Когда Франусь закончил свой рассказ, я плеснул в его стакан водки и влил сивуху ему в глотку, запрокинув назад голову. Он встряхнулся, как кот, вдруг увидавший за овином призрак короля Попеля[22], и прижался губами к моим рукам, стал их обцеловывать.
— Ну, успокойся, успокойся, горемыка, бедняжечка, — сказал я и поднял его с полу, подвел к кушетке, усадил. А сам тем временем, вытерев об штаны руки, расслабив пальцы, начал писать письмо. Писал я его вслух, чтобы Франусь не подходил ко мне, не стоял за спиной, не сопел и, главное, не смердел козлятиной, кобылятиной, псиной.
— Люба моя, милушка, — говорил я и писал одновременно, а Франусь подголашивал, повторял, как солдат присягу, — люба моя, свет моих очей, пресвятая дева, денно и нощно перед глазами души моей стоящая. Тоскливо мне без тебя; до мозга костей, до глубины души тоска-печаль изъела. Когда же ты ко мне придешь, когда приедешь: я ведь всякую минуту к коленям твоим припадаю, к рукам, ко всему, что возлюбил, запомнил навсегда, навеки. Как святой образ в процессии, ты ежеденно передо мной являешься, и я иду следом за этим образом, не сводя с него глаз, ничего не чувствуя, не понимая. Люди надо мной насмехаются, локтями толкают, а мне все нипочем, я иду за твоим образом и шел бы за ним, хоть бы передо мной встала вода, широко разлившаяся, река, скованная льдом, но вся в прорубях, так что ноги негде поставить — на дно пойдешь, не оглянешься, хоть бы по всем лесам протянулась колючая проволока, пулеметы строчили, артиллерия стреляла простая и ракетная. Не сплю я из-за тебя по ночам, ни есть не могу, ни пить. Высох весь, захирел, истаял до того, что от меня ничего не осталось, кожа ходуном ходит, как на псе, бог знает за какой добычей часами гоняющем. Так о тебе думаю, что всякий хлеб, даже самый белый, в моих устах в ежа обращается, а вода — в пористый камень, что в день поминовения кое-кто кладет на могилы.

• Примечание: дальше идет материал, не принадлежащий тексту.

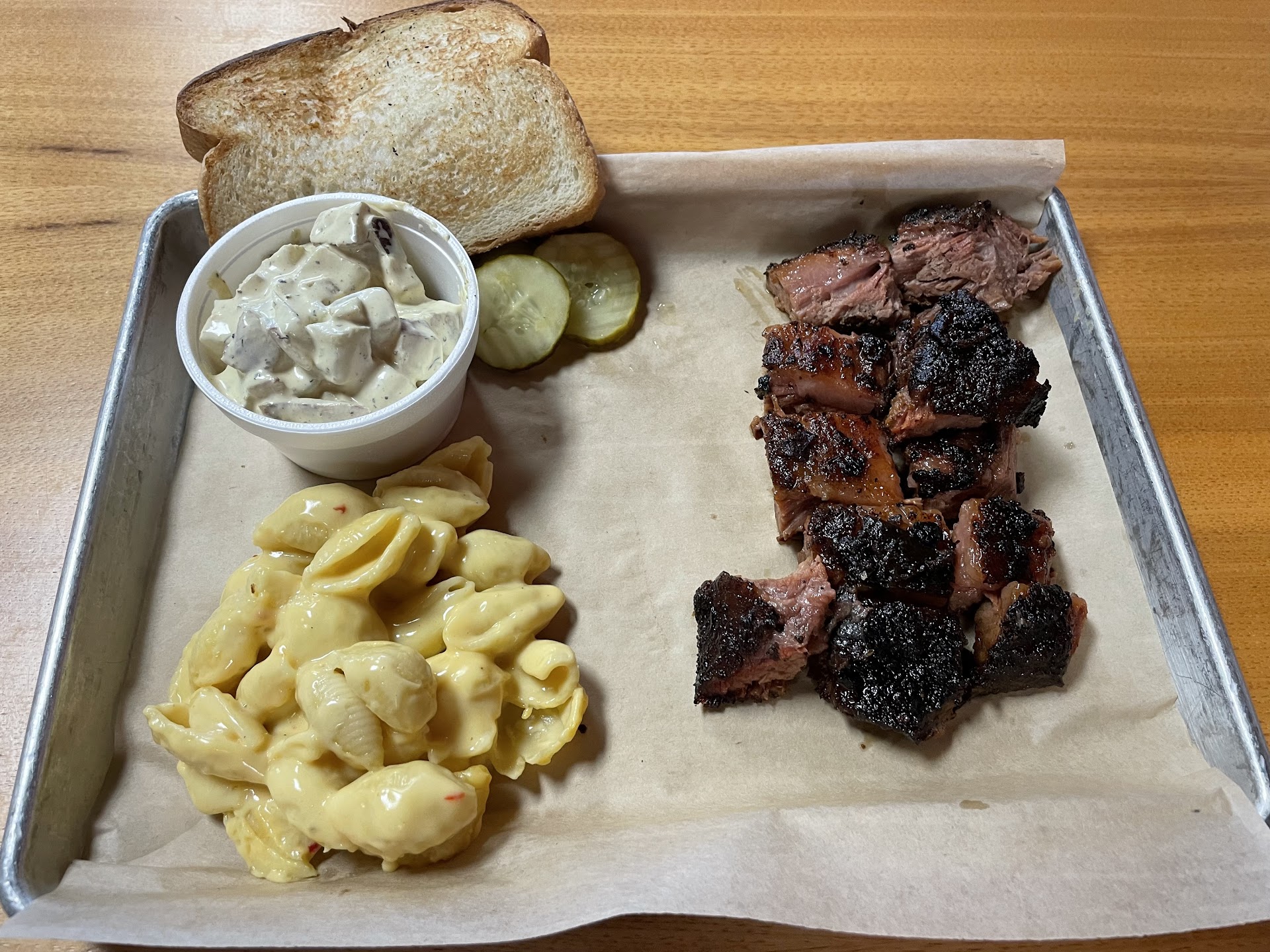 SIDES: Honestly, most of these really didn't have much flavor too them at all. They weren't bad, they just weren't remarkable. BAKED POTATO - Was good, just comes with butter, sour cream and chives, although I only had 3 chives on it. Be prepared for the butter to run all over anything on your plate though as you eat off a flat tray. BAKED BEANS - Had a real kick to them. They were good and more of the flavor style I've been seeking, but the beans didn't seem cooked quite enough and the kick was slightly more than I personally care for. MAC N' CHEESE - Got this for our 2 year old w/ his meal. He enjoyed it. Slight bit of kick to it, but not enough to turn him off of it. POTATO SALAD - Hubs said his potato salad was ok. Was spicy which he wasn't expecting, about a 6/10 on his scale. He said he'd get it again though. CORNBREAD STUFFING - This was one that all 3 of us enjoyed. I normally can't stand yellow cornbread, I grew up on much sweeter and less course white cornmeal, but this was actually really pretty good. A slight sweet hint to it with actual corn kernels blended in. We recommend this one and would definitely get it again. CHEESY POTATOES - We got a large side of this because one reviewer said they were to die for and it was something we would all normally eat. Sadly, there wasn't much flavor to them at all. Again, not bad, just not remarkable.

Снится мне по нескольку раз в ночь, что я тебя на руках ношу, бегаю с тобой над рекой, по лугам, по лесу. И, видать, так оно и есть на самом деле, потому что утром, когда встаю, руки у меня не сгибаются в локтях и такие тяжелые, такие тяжелые, как два ведра, два кувшина с водою: я их к лицу, к голове не могу поднести, чтоб побриться, расчесать гребешком волосы. А когда я малярничаю, ты мне являешься на всех стенах, на потолках: я с лестницы несколько раз чуть не свалился, чудом не сломал позвоночника. А когда молюсь в костеле, в соборе, вижу тебя в алтаре среди горящих свечей, на хоругвях, переносных алтариках, на картинах, где нарисованы королевские дочери, придворные красавицы в легких одеждах. Ты для моих глаз краше, чем они, нежнее, словно в тебе капля за каплей сочится золотистый мед, малиновый сок, заря вечерняя и утренняя зорька. Так ты ко мне являешься, моя ненаглядная. И душа моя, вся в синяках, рвется к тебе, молится. Неустанно тебе клянется в верности, в вечной любви без памяти, обещает носить на руках, на коленях за тобой следовать, как во время храмовых праздников, в святых процессиях, как паломник ко святым местам за божьей милостью.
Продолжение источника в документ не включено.